# Placement of IR emitter



## jaselzer (Sep 10, 2018)

Hi all, just installed my Edge this evening and I am having difficulty finding where to attach my IR emitter to on the Edge. I cannot seem to find the IR eye on the Edge. Can anyone point me to the correct location to adhere it to on the Edge please? I have a Crestron remote that uses IR for control.

Thanks, John


----------



## CarloDel (Apr 1, 2016)

jaselzer said:


> Hi all, just installed my Edge this evening and I am having difficulty finding where to attach my IR emitter to on the Edge. I cannot seem to find the IR eye on the Edge. Can anyone point me to the correct location to adhere it to on the Edge please?

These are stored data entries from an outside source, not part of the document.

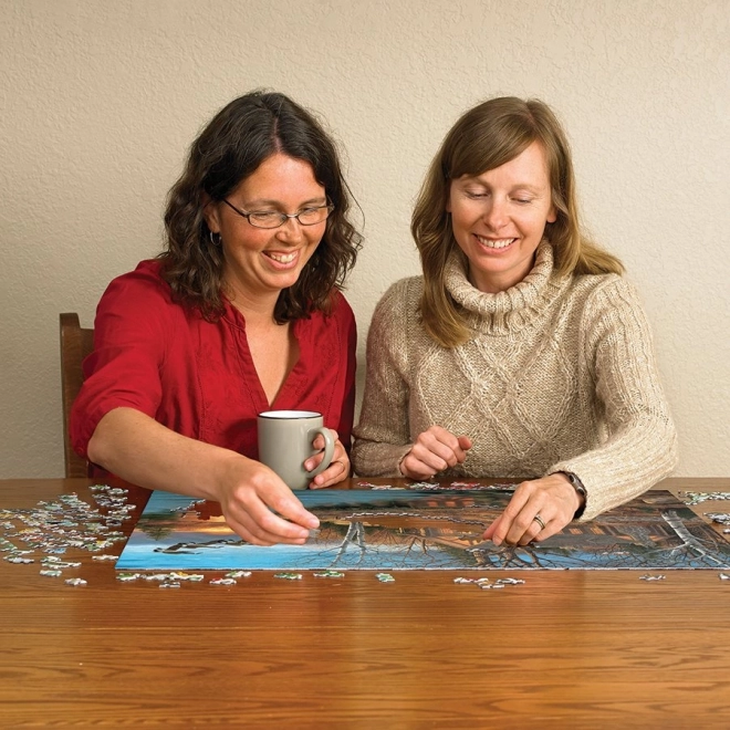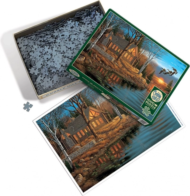 Le motif atmosphérique d’un chalet tranquille au bord d’un lac au coucher du soleil ravira tout amateur de nature et de détente. Ce puzzle de 1000 pièces de COBBLE HILL se distingue par la forme irrégulière de ses pièces, qui ne suivent pas une grille standard – l’assemblage est plus ludique et un peu plus exigeant.
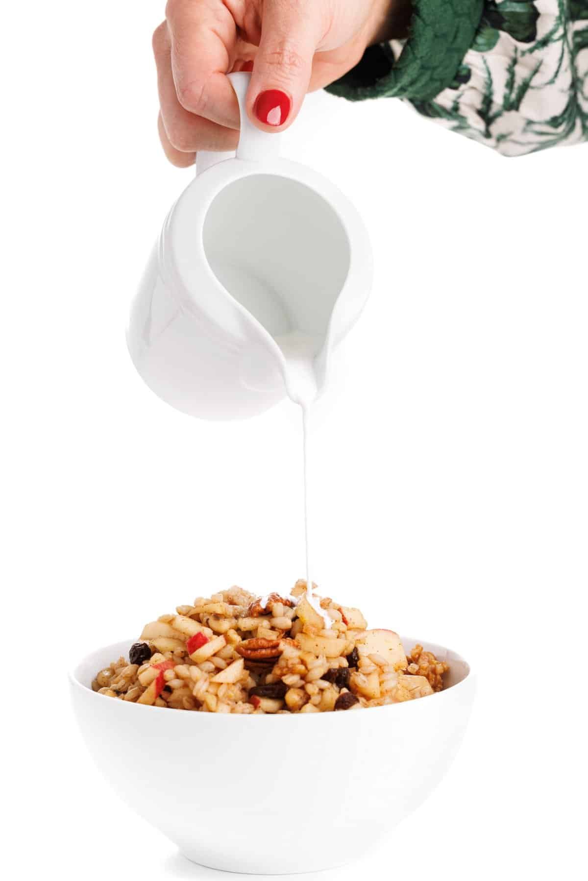 Serve with your choice of milk if desired, and enjoy your Barley Breakfast Bowl!
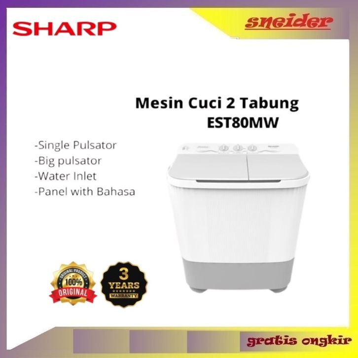 SHARP MESIN CUCI 2 TABUNG ES-T80MW / EST 80MW 8KG / EST 70MW/ EST70MW 7KG
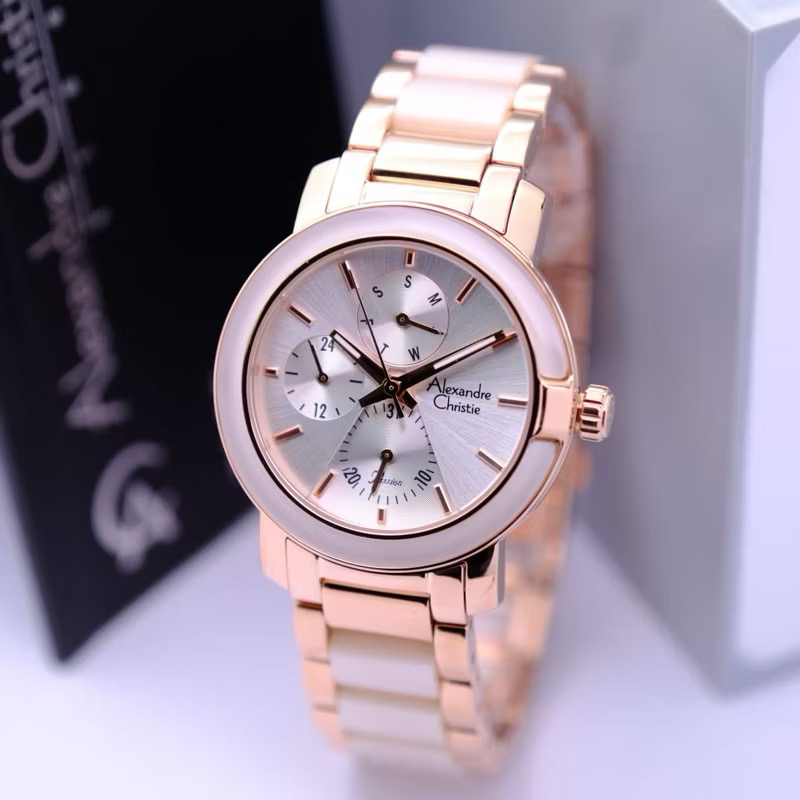 Jam Tangan Wanita Alexandre Christie Multifunction AC 2B02 BFBRGSL Rosegold White Dial Dual Tone
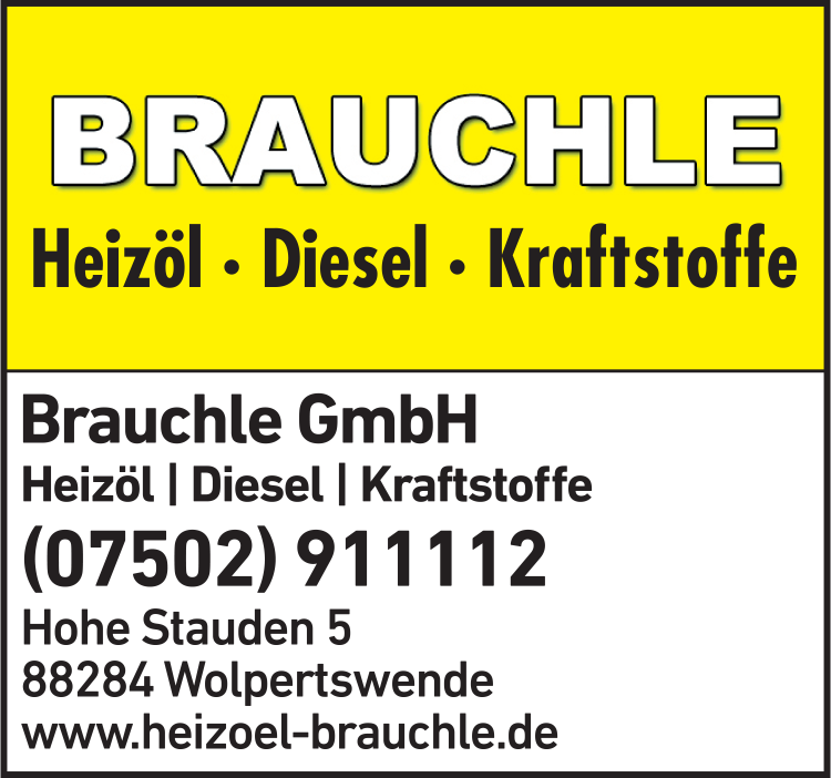 Die Adresse von Brauchle GmbH Brennstoffe lautet: Hohe Stauden 5, 88284 Wolpertswende
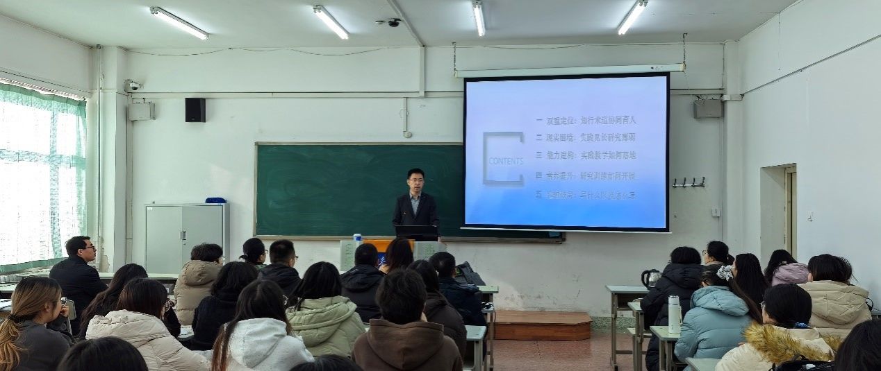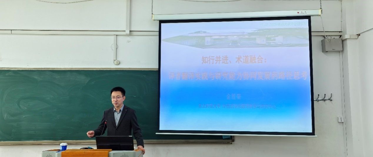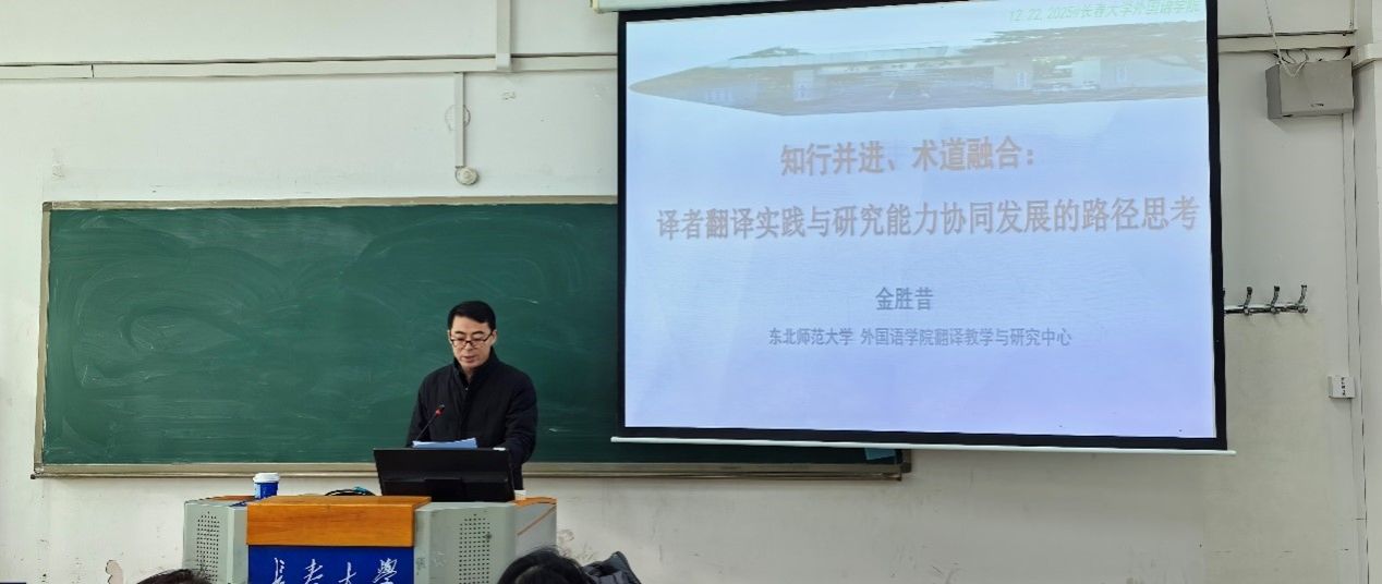 为加强教师与研究生科研能力,提升学科综合素养,持续推进翻译硕士专业学位点高质量建设,在学校科研处与研究生院的大力支持下,学院于12月22日上午在正心楼705室举办专题学术讲座。本次讲座特邀东北师范大学外国语学院翻译教学与研究中心主任、博士生导师金胜昔教授担任主讲,主题为“知行并进,术道融合——译者翻译实践与研究能力协同发展的路径思考”。讲座由学院副院长陈强主持,学院研究生导师、任课教师及2024、2025级全体研究生共同参加了讲座。
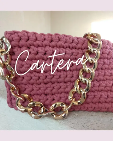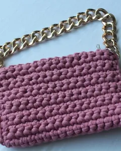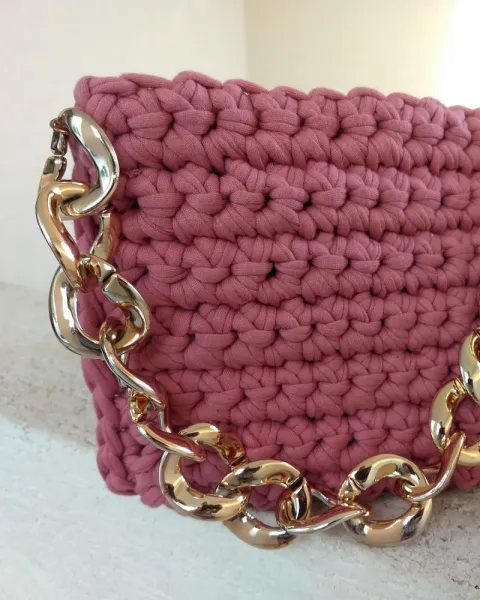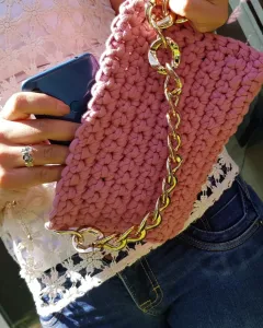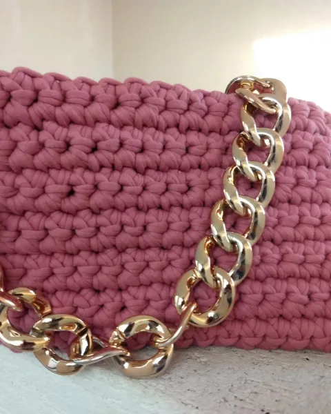 Bolso de mano en técnica crochet color rosa, cadena cilor dorado y forro con bolsa interna .Nueva

I have a Crestron remote that uses IR for control.
> 
> Thanks, John


HI

I was able to locate the IR location for me that works OK, it is about three inches from the front bottom right of the case, if you measure from the right corner to the left 3 inches ??

Hope this helps


----------



## jaselzer (Sep 10, 2018)

on the bottom square or the top square. And thanks for answering!


----------



## CarloDel (Apr 1, 2016)

jaselzer said:


> on the bottom square or the top square. And thanks for answering!


On the bottom square


----------



## jaselzer (Sep 10, 2018)

Thanks


----------